__YOUR INSTRUCTIONS__:
Where a record contains an image, leave the image out and print the rest exactly.

__GIVEN ENTRIES__:
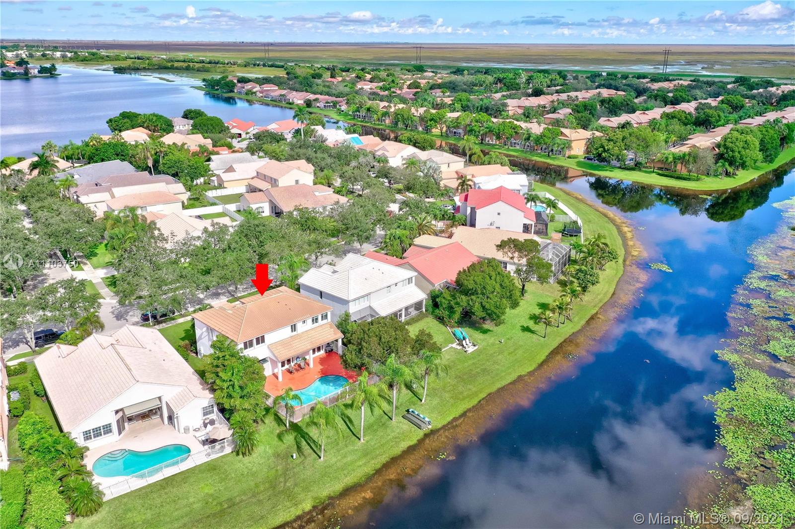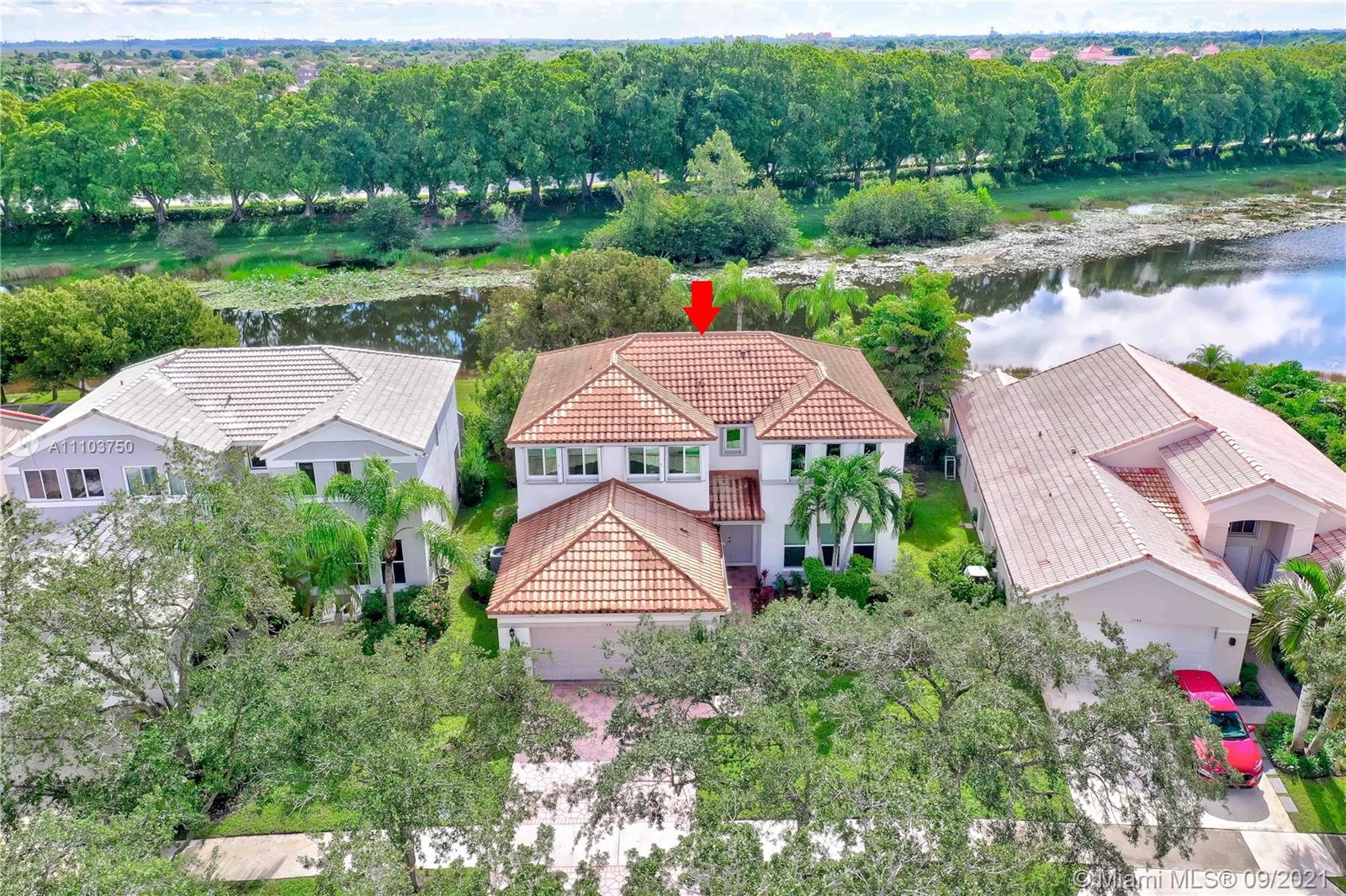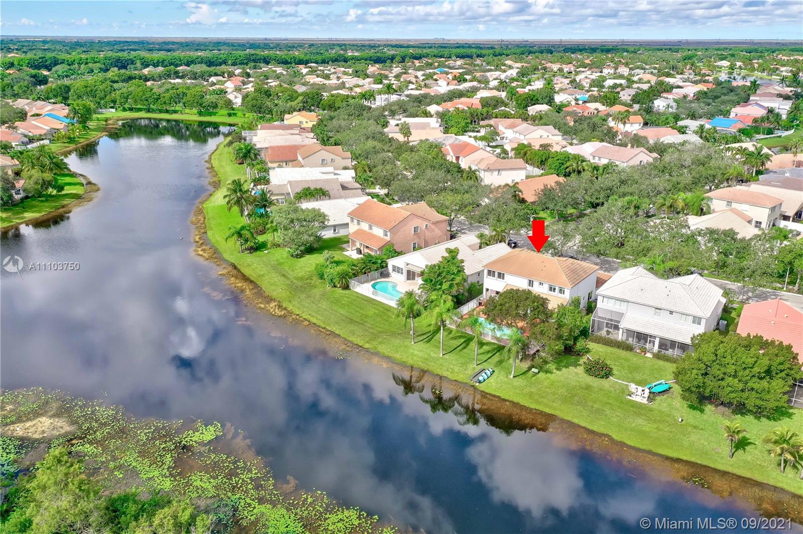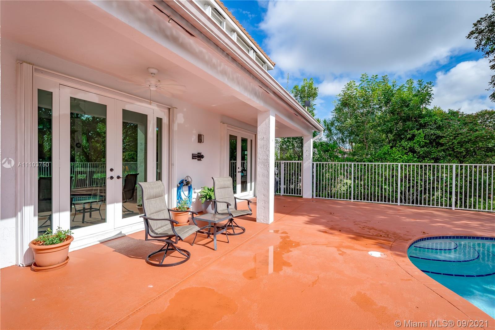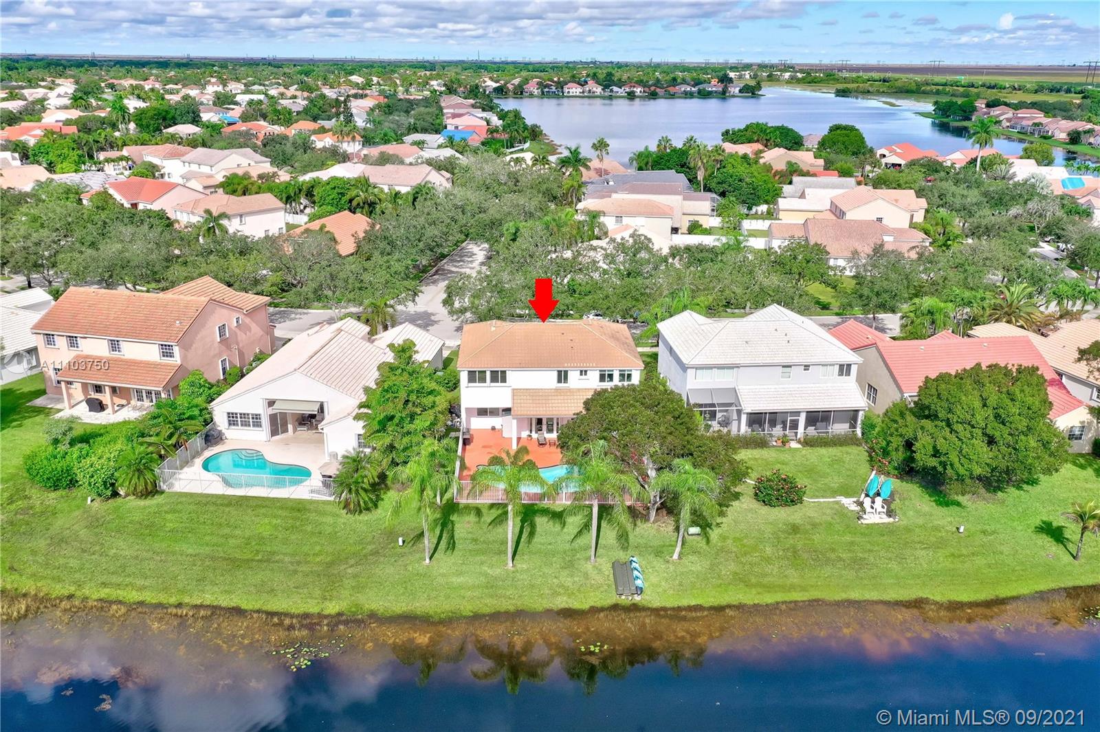 Gorgeous 5/3 plus den, pool & lakefront home located on a cul-de-sac in Guard gated community of The Falls! Impact glass windows & doors installed in 2020! Metal roof 2006. Tile flooring laid diagonally on first floor main living area. Deep baseboards, chair rail, & crown molding throughout. Bedroom & full bath on first floor. Remodeled kitchen features wood cabinetry, granite countertops & new appliances w/induction & convection stove/oven. Master bedroom has two walk in closets/ master bath with double vanity, soaking tub & separate shower w/steam & rain shower head. Additional bedrooms upstairs along w/large den, perfect for a playroom, office or movie room! AC 2016. Water heater 2015. Heated pool. A+ Rated schools. Community features pool, children's playground, full basketball court.
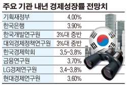 4일 금융권에 따르면 국내 주요 경제연구원들은 내년 성장률을 기획재정부(4.0%)와 한은(3.9%) 전망치보다 낮은 3%대 중후반으로 예측했다. △한국개발연구원 3%대 중반 △대외경제정책연구원 3%대 중반 △한국경제학회 3.5~3.8% △LG경제연구원 3.4~3.8% △현대경제연구원 3.6% 등이다. 정부와 한은의 기대와 달리 내년에도 올해 성장률 전망치 3.5%와 별반 다르지 않다.
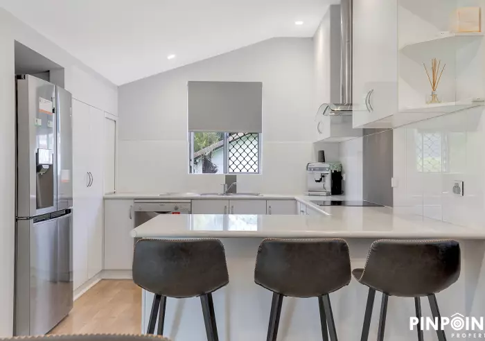 - Spacious kitchen adjacent to dining & living – With stainless steel appliances, stylish feature splash back & abundance of neutral cabinetry including overheads, keeping it neat & tidy won’t be a problem either! After dinner, slide on over to your comfy lounge room to settle in for a movie. This space is complete with split A/C & ceiling fans for year-round comfort
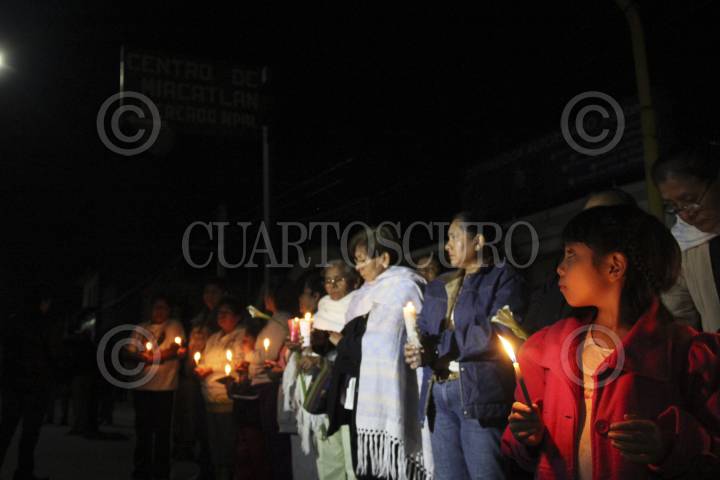 MIACATLÁN, MORELOS, O1FEBRERO 2014.- La madrugada del sábado llegó el cuerpo de Edgar Tamayo a su pueblo natal, donde se encontraban reunidos para recibirlo sus familiares, amigos y vecinos, portando veladoras. Caminaron de la entrada del pueblo a la casa de los padres de Edgar, donde será velado. FOTO: PATRICIA MORALES /CUARTOSCURO.COM
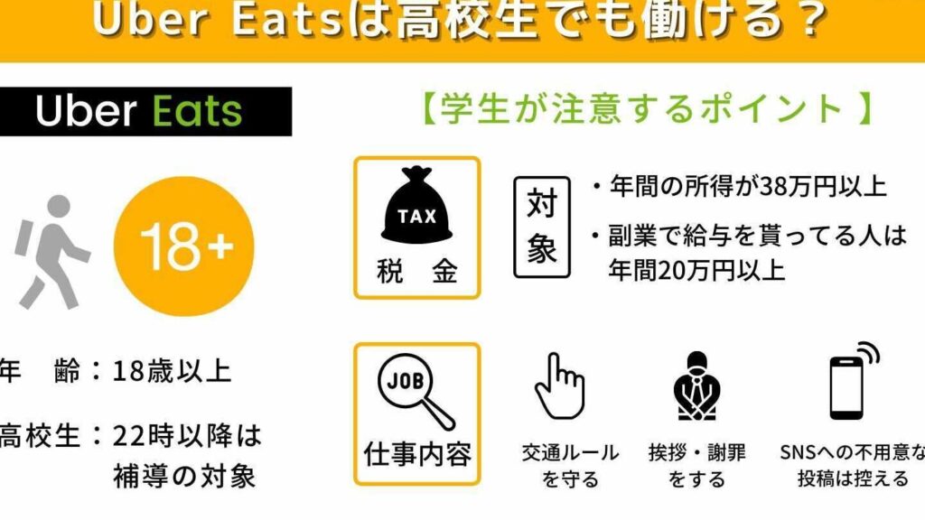 | ウーバーイーツ | 18歳以上(未成年者は親同意必要) | 必須(17歳以下の場合) |
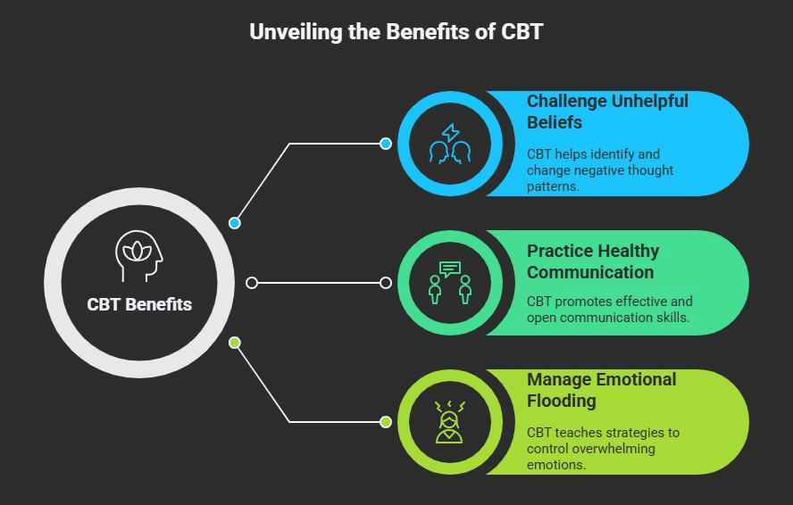CBT helps you catch those mental spirals before they derail your relationships. It works on the premise that our thoughts shape how we feel and act.
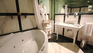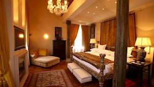 Bedroom 1; Royal Suite 10: 150 sqm, offers a history and elegance and is fit for any queen or king. A distinguished, superior king sized, hand-made silver matrimonial bed frame from India ornaments the suite, along with furniture and object d’art collected by the owner during his world travels. The spectacular size of the room (approximately 1600 square feet or 150 meters), combined with high ceilings and seven expansive windows, allows for a sun filled space during the day. Two fireplace and private dining area provide cozy corners to tuck into, and a magnificent bathroom with open Marble and Onyx Jacuzzi bath and luxurious walk-in shower and personal steam room add to the elegance of the overall effect.
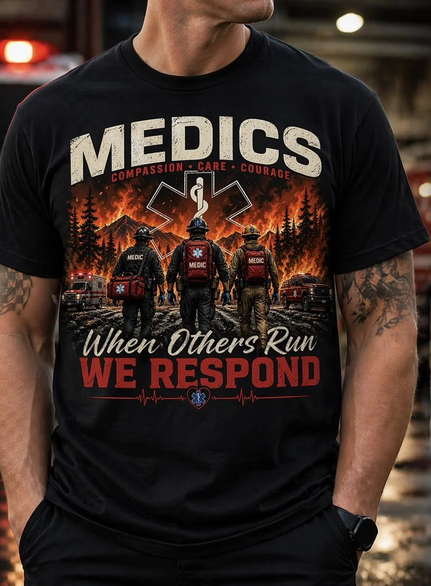 Shop › Kid size medic Tshirt Image 1 of 1 Kid size medic Tshirt $20.00 50% of proceeds goes to those who suffered loss in the Brantley Wildfires Size: Select Size Kid sm Kid Md Kid lg Color: Select Color White Black Grey Add To Cart Added! 50% of proceeds goes to those who suffered loss in the Brantley Wildfires
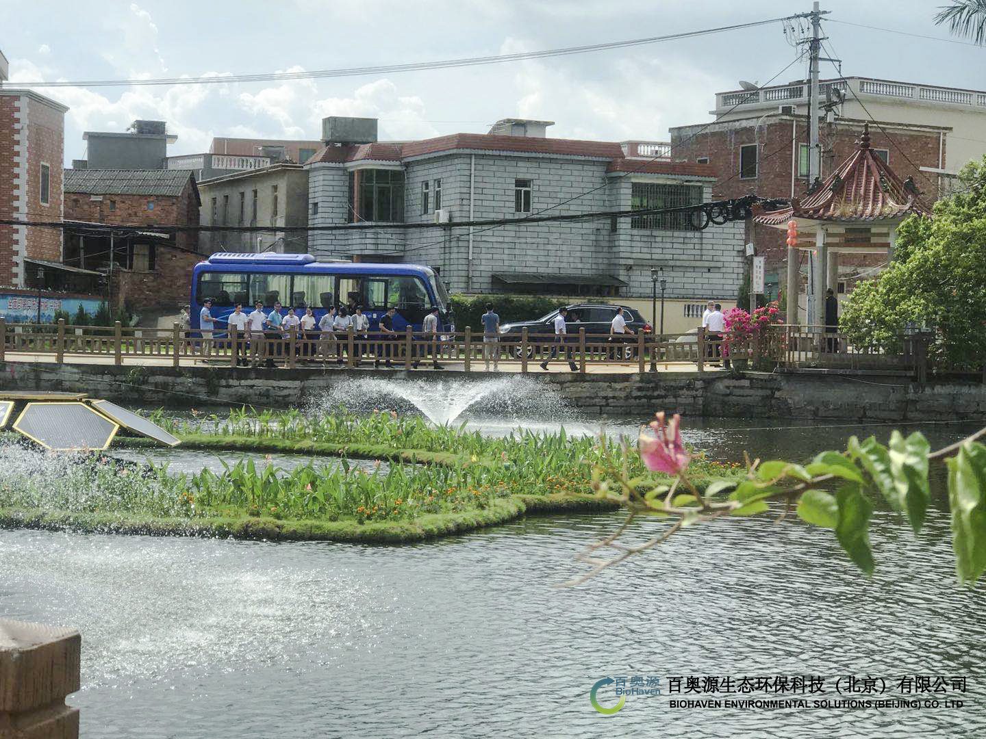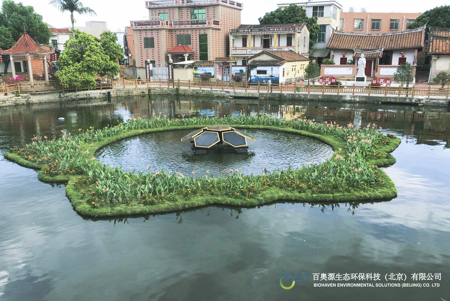 漳州角美鎮(zhèn)埔尾村祠堂大塘為白石林先生祠、進士牌及傳統(tǒng)民居等古建筑環(huán)繞,是埔尾村重要的水景觀節(jié)點,更是漳州臺商投資區(qū)廉政教育基地及埔尾村鄉(xiāng)賢鄉(xiāng)訓館的主要配套景點。埔尾村扎實推進鄉(xiāng)村振興戰(zhàn)略,在實施農(nóng)村污水收集處理工程的基礎上,結(jié)合截污納管、補水措施等工程,創(chuàng)新采用的浮動凈水廠技術,以生態(tài)手段同步實現(xiàn)水質(zhì)改善與景觀提升,打造大塘優(yōu)美水環(huán)境的目標,并與埔尾村古建筑景觀互映互襯,彰顯千年古村落的獨有生態(tài)之美。
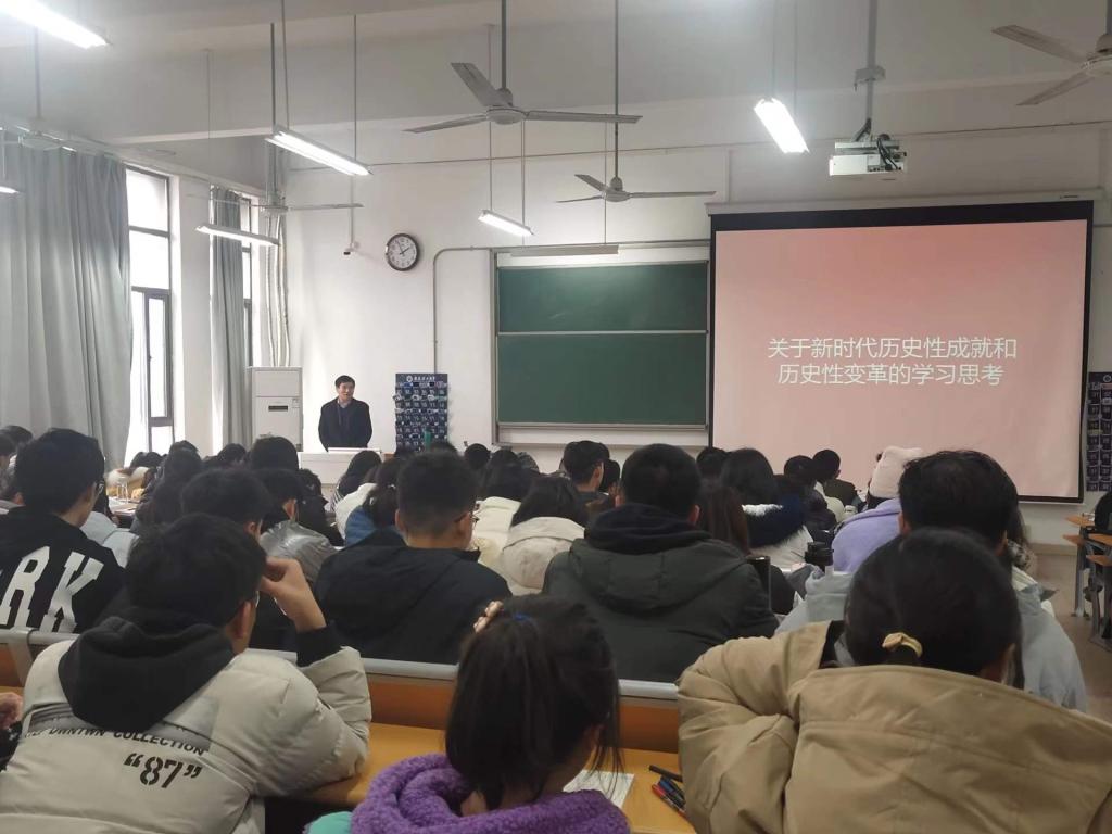 12月16日下午,校党委副书记、常务副校长虞宝桃在天工北104教室为医学院本科生上了一堂主题为“关于新时代历史性成就和历史性变革的学习思考”的思想政治理论课。

__ANSWER BOX__:
 Gorgeous 5/3 plus den, pool & lakefront home located on a cul-de-sac in Guard gated community of The Falls! Impact glass windows & doors installed in 2020! Metal roof 2006. Tile flooring laid diagonally on first floor main living area. Deep baseboards, chair rail, & crown molding throughout. Bedroom & full bath on first floor. Remodeled kitchen features wood cabinetry, granite countertops & new appliances w/induction & convection stove/oven. Master bedroom has two walk in closets/ master bath with double vanity, soaking tub & separate shower w/steam & rain shower head. Additional bedrooms upstairs along w/large den, perfect for a playroom, office or movie room! AC 2016. Water heater 2015. Heated pool. A+ Rated schools. Community features pool, children's playground, full basketball court.
 4일 금융권에 따르면 국내 주요 경제연구원들은 내년 성장률을 기획재정부(4.0%)와 한은(3.9%) 전망치보다 낮은 3%대 중후반으로 예측했다. △한국개발연구원 3%대 중반 △대외경제정책연구원 3%대 중반 △한국경제학회 3.5~3.8% △LG경제연구원 3.4~3.8% △현대경제연구원 3.6% 등이다. 정부와 한은의 기대와 달리 내년에도 올해 성장률 전망치 3.5%와 별반 다르지 않다.
 - Spacious kitchen adjacent to dining & living – With stainless steel appliances, stylish feature splash back & abundance of neutral cabinetry including overheads, keeping it neat & tidy won’t be a problem either! After dinner, slide on over to your comfy lounge room to settle in for a movie. This space is complete with split A/C & ceiling fans for year-round comfort
 MIACATLÁN, MORELOS, O1FEBRERO 2014.- La madrugada del sábado llegó el cuerpo de Edgar Tamayo a su pueblo natal, donde se encontraban reunidos para recibirlo sus familiares, amigos y vecinos, portando veladoras. Caminaron de la entrada del pueblo a la casa de los padres de Edgar, donde será velado. FOTO: PATRICIA MORALES /CUARTOSCURO.COM
 | ウーバーイーツ | 18歳以上(未成年者は親同意必要) | 必須(17歳以下の場合) |
CBT helps you catch those mental spirals before they derail your relationships. It works on the premise that our thoughts shape how we feel and act.
 Bedroom 1; Royal Suite 10: 150 sqm, offers a history and elegance and is fit for any queen or king. A distinguished, superior king sized, hand-made silver matrimonial bed frame from India ornaments the suite, along with furniture and object d’art collected by the owner during his world travels. The spectacular size of the room (approximately 1600 square feet or 150 meters), combined with high ceilings and seven expansive windows, allows for a sun filled space during the day. Two fireplace and private dining area provide cozy corners to tuck into, and a magnificent bathroom with open Marble and Onyx Jacuzzi bath and luxurious walk-in shower and personal steam room add to the elegance of the overall effect.
 Shop › Kid size medic Tshirt Image 1 of 1 Kid size medic Tshirt $20.00 50% of proceeds goes to those who suffered loss in the Brantley Wildfires Size: Select Size Kid sm Kid Md Kid lg Color: Select Color White Black Grey Add To Cart Added! 50% of proceeds goes to those who suffered loss in the Brantley Wildfires
 漳州角美鎮(zhèn)埔尾村祠堂大塘為白石林先生祠、進士牌及傳統(tǒng)民居等古建筑環(huán)繞,是埔尾村重要的水景觀節(jié)點,更是漳州臺商投資區(qū)廉政教育基地及埔尾村鄉(xiāng)賢鄉(xiāng)訓館的主要配套景點。埔尾村扎實推進鄉(xiāng)村振興戰(zhàn)略,在實施農(nóng)村污水收集處理工程的基礎上,結(jié)合截污納管、補水措施等工程,創(chuàng)新采用的浮動凈水廠技術,以生態(tài)手段同步實現(xiàn)水質(zhì)改善與景觀提升,打造大塘優(yōu)美水環(huán)境的目標,并與埔尾村古建筑景觀互映互襯,彰顯千年古村落的獨有生態(tài)之美。
 12月16日下午,校党委副书记、常务副校长虞宝桃在天工北104教室为医学院本科生上了一堂主题为“关于新时代历史性成就和历史性变革的学习思考”的思想政治理论课。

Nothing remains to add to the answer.